The government has been urged to form a cross-departmental housing delivery unit that will help it to meet its 1.5m homes target.
The Radix Big Tent Housing Commission’s Beyond the Permacrisis – Delivering 1,000 Homes a Day report sets out 15 steps to deliver the 1,000 homes a day that will be needed over the course of the next parliament for the government to meet its target.
Alex Notay, chair of the commission and main author of the report, told EG that in order to reach 1,000 homes a day, the country needs an “bigger picture independent committee like the Climate Change Committee, that has the steer and capacity to drive all the relevant government departments”.
She said: “There are no silver bullet solutions to the housing crisis – it’s complex, it’s multilayered, it’s interlinked. We need lots of different tenures, we need different things to hit that target. And to reach 1,000 homes a day we need to do things about our skills, our capacity, about the construction, the supply, the labour market, viability, funding and planning and all of the things we talked about in the report.
“Flawed governance structures”
The multi-disciplinary commission was formed in March this year, 20 years after the publication of the Dame Kate Barker’s Review of Housing Supply report. Barker chaired the commission until her appointment to the New Towns Taskforce in August.
It includes property professionals, developers, investors, planners, academics and others, and is supported by Shoosmiths, all urging the government to treat housing as national infrastructure.
It states that “the failure to meet decades of housing targets or fully adopt the recommendations of the 2004 Barker Review lies predominantly with flawed governance structures”.
The report sets out a framework for housing delivery, including a clear strategy, a new housing delivery unit at the heart of government, cross-party collaboration and clarified roles for different tiers of government.

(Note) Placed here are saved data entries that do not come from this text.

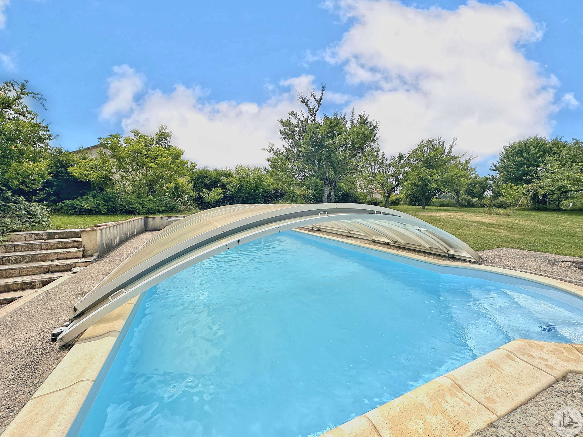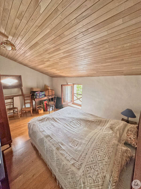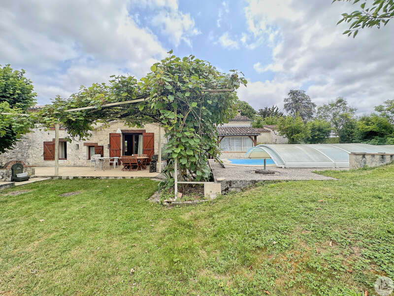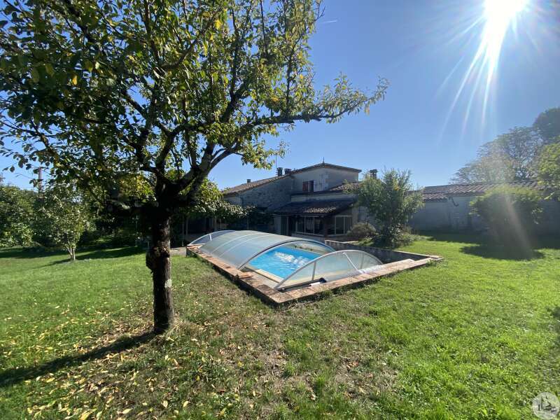 Lots of charm for this old renovated farmhouse close to a listed village with all shops and 25 minutes from BERGERAC, its airport and its train station. Country house of approx. 118m2 in a quiet but not isolated area while enjoying the swimming pool and the wooded and flowered grounds. The main house is composed as follows: veranda Living room / dining room, crossing with fireplace, a fitted kitchen, a bedroom on the ground floor with shower room and toilet. Upstairs: 3 beautiful bedrooms around a mezzanine serving as a TV corner and a toilet. The studio of approx. 60 m2 includes: a living room with wood stove, kitchen area, a bathroom with hip bath, a separate toilet, a floor with sleeping area Outside a park with its orchard, A swimming pool with dome, equipment for counter-current swimming (pump in the veranda of the cottage). 2 Terraces Gas heating, for the main house insert and wood stove Individual sanitation 2 garages, one with an additional bathroom. Property tax: €779
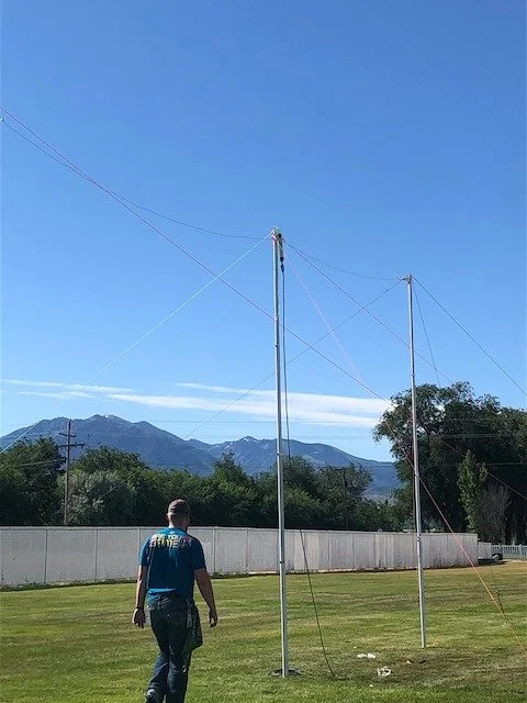 A member of the West Desert Amateur Radio Club assisting with setting up a Dipole antenna for Field Day in 2020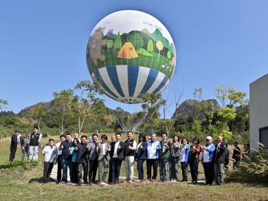 南投氦氣球未昇空,搶先轟動!縣府於11日上午在九九峰舉辦九九峰氦氣球樂園工程啟用典禮暨試營運活動,位於草屯鎮平林里的氦氣球園區,引進法國Aerophile頂級氦氣球,讓遊客可以在穩定、安全的條件下,輕鬆升空。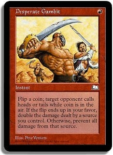 Flip a coin; target opponent calls head or tails while coins is in the air. If the flip ends up in your favor, double the damage dealt by a source you control. Otherwise, prevent all damage from that source.

Notay added: “We need policy that isn’t political and is as we recommended, with a bigger picture independent committee like the Climate Change Committee, a housing delivery unit that has the steer and capacity to drive all the relevant government departments, because housing has implications across health, education, across everything. If we can persuade Treasury that they are better off spending less money on the outcome of bad housing and investing more in good housing then, yes, we could do 1,000 homes a day – but it requires that mindset shift.”

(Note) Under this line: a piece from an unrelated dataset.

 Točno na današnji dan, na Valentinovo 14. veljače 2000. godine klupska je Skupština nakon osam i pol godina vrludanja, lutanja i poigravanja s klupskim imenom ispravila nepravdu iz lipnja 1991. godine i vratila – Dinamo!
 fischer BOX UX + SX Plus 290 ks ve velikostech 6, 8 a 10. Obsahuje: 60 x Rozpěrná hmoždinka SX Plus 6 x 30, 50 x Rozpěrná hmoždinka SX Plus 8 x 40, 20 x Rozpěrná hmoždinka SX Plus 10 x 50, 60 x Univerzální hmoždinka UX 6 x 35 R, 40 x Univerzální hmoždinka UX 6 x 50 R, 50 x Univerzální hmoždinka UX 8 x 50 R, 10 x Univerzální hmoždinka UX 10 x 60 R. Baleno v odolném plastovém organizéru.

Notay and her team at the commission also recommended a cross-party accord to create policy consensus and improve the delivery of schemes across the UK, a new approach to the release of public land for housing and a new role for Homes England so it can act as a master developer.
It also petitioned for streamlining existing funding pots and processes, replacing wasteful and divisive short-term competitive funding model with longer-term, needs-based funding formulae. And it encouraged institutional investment in housing by creating a level playing field for tax, clarity of vision and consistency of regulation.
The commission asked for reform the current system of developer contributions through section 106 and the community infrastructure levy, with a particular goal to deliver more affordable housing and to agree a prompt rent settlement that provides income security for registered providers.
Route map
The report provides a route map to improve the planning process based around the reintroduction of strategic planning and a plan-led approach to sustainable growth, diversifying the market and expanding the role of SMEs and self-commissioned housing and rebuilding capacity and capability within the public sector.
Notay also said the commission has received a lot of time and engagement from the housing minister, the team and various government departments.
She said: “We do feel confident about the report being implemented, we are having a parliamentary launch at which the housing minister is speaking, and he was very public in acknowledging the interim recommendations being valuable. We feel very confident the government will read the report. When it comes to doing, we have tried very hard in the interim recommendations and the ones in the report to list short-term ‘things you can do now’ and long-term ‘these are going to some more heavy lifting’.
“I think we do have a good mix of things that are deliverable now. The government has already implemented some of that stuff – some things are already in motion, but I do feel like we have had very positive engagement and you can see how hard the administration and the civil servants are working to tackle this – it is a priority.”